Source data:
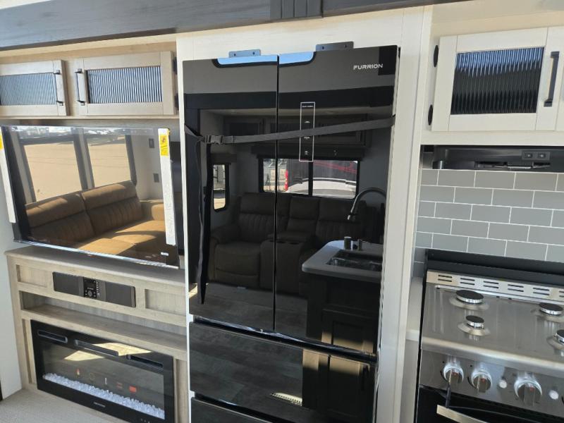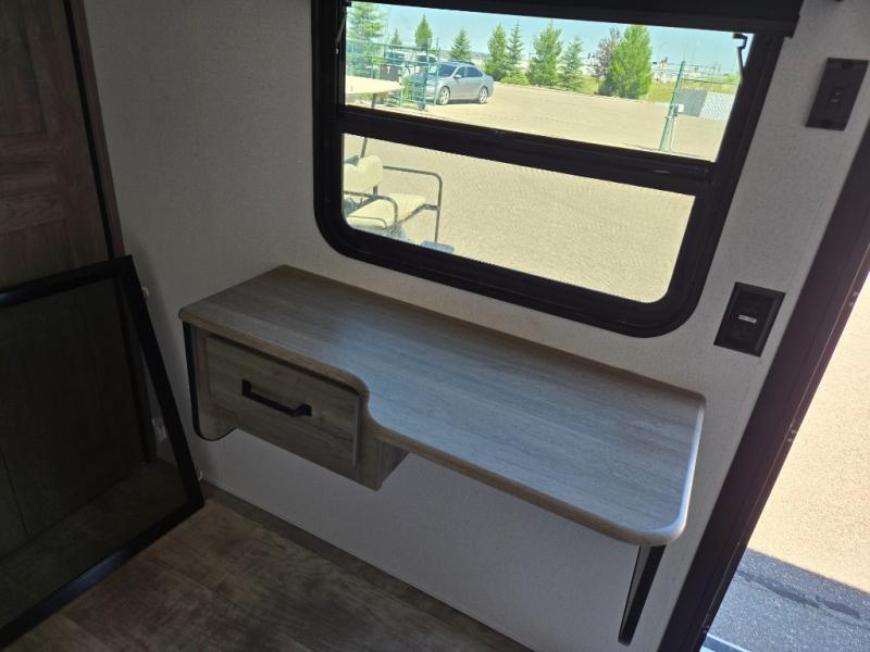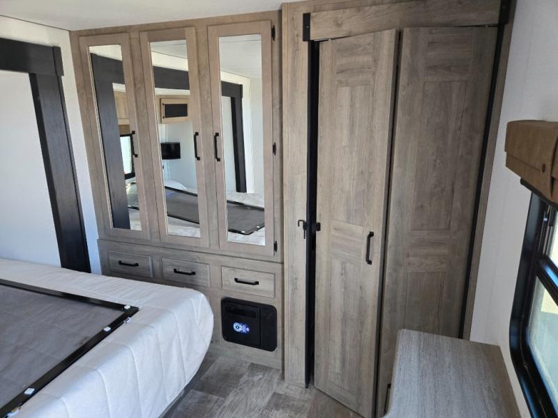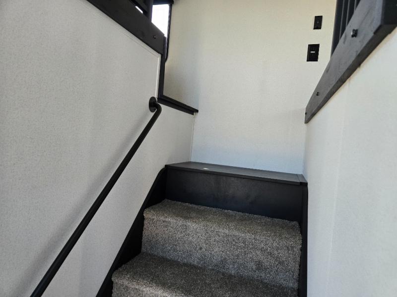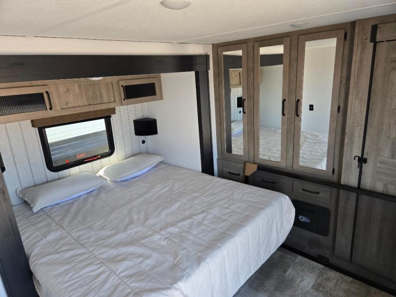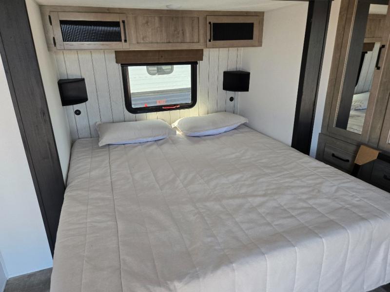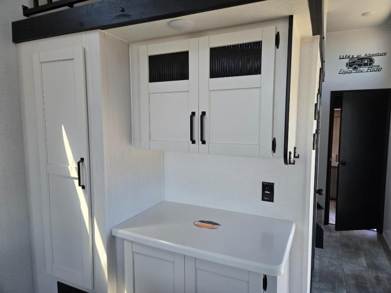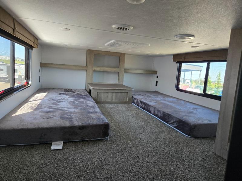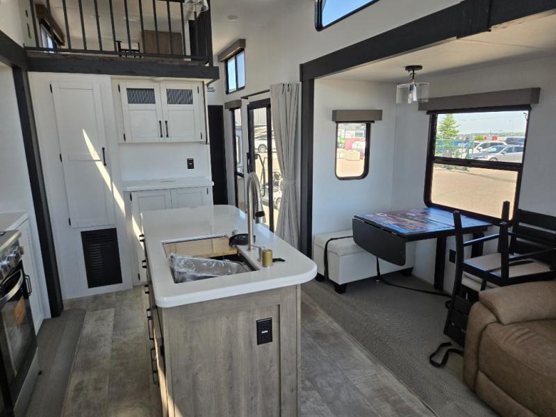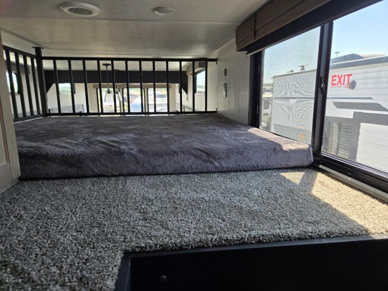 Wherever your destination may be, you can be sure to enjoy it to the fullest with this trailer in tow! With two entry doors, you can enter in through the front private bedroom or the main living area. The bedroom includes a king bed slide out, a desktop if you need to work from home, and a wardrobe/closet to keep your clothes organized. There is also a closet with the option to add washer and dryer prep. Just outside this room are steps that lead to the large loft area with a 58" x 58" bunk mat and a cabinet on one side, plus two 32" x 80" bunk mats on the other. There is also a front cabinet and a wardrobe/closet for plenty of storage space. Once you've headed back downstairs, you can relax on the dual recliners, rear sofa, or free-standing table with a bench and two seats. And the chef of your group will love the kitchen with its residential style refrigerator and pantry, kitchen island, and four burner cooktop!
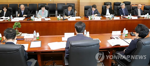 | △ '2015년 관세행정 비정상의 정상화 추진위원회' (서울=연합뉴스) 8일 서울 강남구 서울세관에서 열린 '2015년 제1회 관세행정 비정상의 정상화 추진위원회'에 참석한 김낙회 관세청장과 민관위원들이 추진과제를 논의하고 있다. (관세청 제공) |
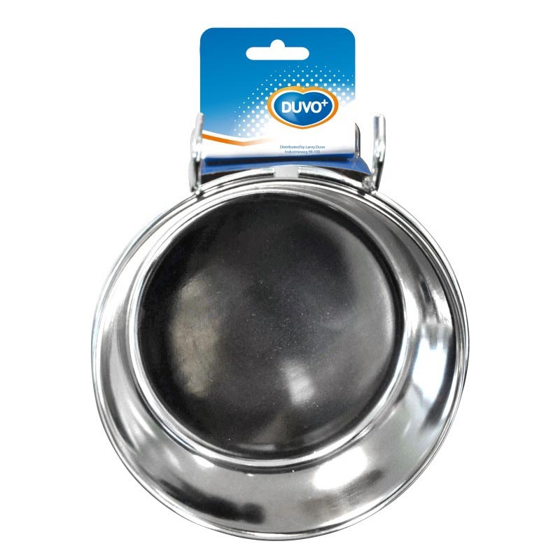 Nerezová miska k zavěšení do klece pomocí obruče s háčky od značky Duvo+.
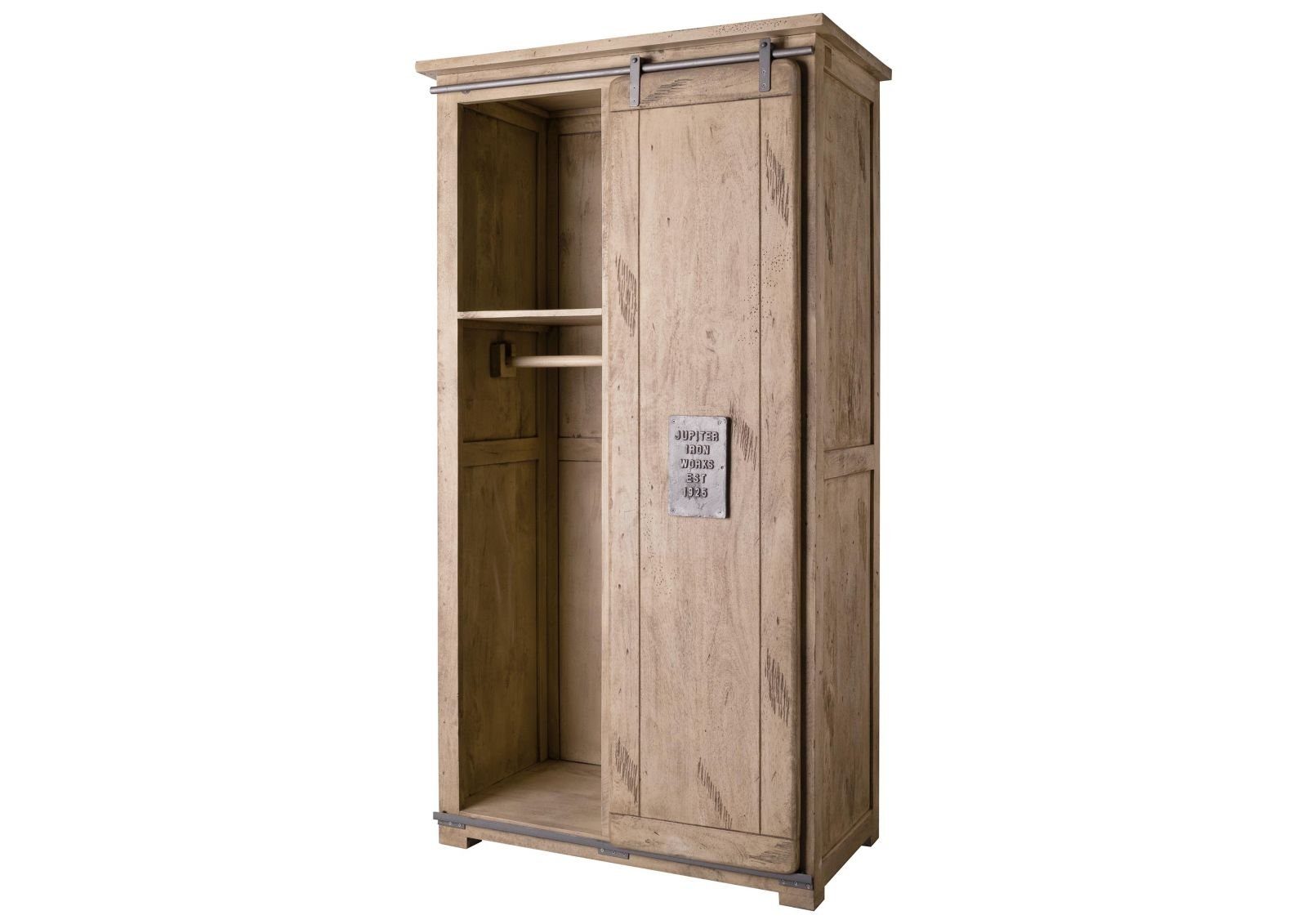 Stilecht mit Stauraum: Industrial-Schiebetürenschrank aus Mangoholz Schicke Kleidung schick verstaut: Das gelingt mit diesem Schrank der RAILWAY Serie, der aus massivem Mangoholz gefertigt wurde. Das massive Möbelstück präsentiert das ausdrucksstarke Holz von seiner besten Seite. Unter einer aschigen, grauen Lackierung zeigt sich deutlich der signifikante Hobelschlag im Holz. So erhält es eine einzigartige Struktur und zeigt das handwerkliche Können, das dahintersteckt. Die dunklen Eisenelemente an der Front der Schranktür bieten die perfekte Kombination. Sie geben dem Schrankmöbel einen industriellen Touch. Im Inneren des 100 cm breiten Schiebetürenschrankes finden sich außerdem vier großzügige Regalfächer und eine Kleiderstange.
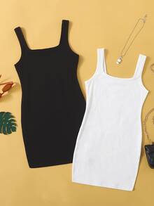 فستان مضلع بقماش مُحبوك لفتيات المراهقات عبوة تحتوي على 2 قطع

- YOUR TASK -
Copy each line above precisely, dropping the pictures.

- RESULT BELOW -
 Wherever your destination may be, you can be sure to enjoy it to the fullest with this trailer in tow! With two entry doors, you can enter in through the front private bedroom or the main living area. The bedroom includes a king bed slide out, a desktop if you need to work from home, and a wardrobe/closet to keep your clothes organized. There is also a closet with the option to add washer and dryer prep. Just outside this room are steps that lead to the large loft area with a 58" x 58" bunk mat and a cabinet on one side, plus two 32" x 80" bunk mats on the other. There is also a front cabinet and a wardrobe/closet for plenty of storage space. Once you've headed back downstairs, you can relax on the dual recliners, rear sofa, or free-standing table with a bench and two seats. And the chef of your group will love the kitchen with its residential style refrigerator and pantry, kitchen island, and four burner cooktop!
 | △ '2015년 관세행정 비정상의 정상화 추진위원회' (서울=연합뉴스) 8일 서울 강남구 서울세관에서 열린 '2015년 제1회 관세행정 비정상의 정상화 추진위원회'에 참석한 김낙회 관세청장과 민관위원들이 추진과제를 논의하고 있다. (관세청 제공) |
 Nerezová miska k zavěšení do klece pomocí obruče s háčky od značky Duvo+.
 Stilecht mit Stauraum: Industrial-Schiebetürenschrank aus Mangoholz Schicke Kleidung schick verstaut: Das gelingt mit diesem Schrank der RAILWAY Serie, der aus massivem Mangoholz gefertigt wurde. Das massive Möbelstück präsentiert das ausdrucksstarke Holz von seiner besten Seite. Unter einer aschigen, grauen Lackierung zeigt sich deutlich der signifikante Hobelschlag im Holz. So erhält es eine einzigartige Struktur und zeigt das handwerkliche Können, das dahintersteckt. Die dunklen Eisenelemente an der Front der Schranktür bieten die perfekte Kombination. Sie geben dem Schrankmöbel einen industriellen Touch. Im Inneren des 100 cm breiten Schiebetürenschrankes finden sich außerdem vier großzügige Regalfächer und eine Kleiderstange.
 فستان مضلع بقماش مُحبوك لفتيات المراهقات عبوة تحتوي على 2 قطع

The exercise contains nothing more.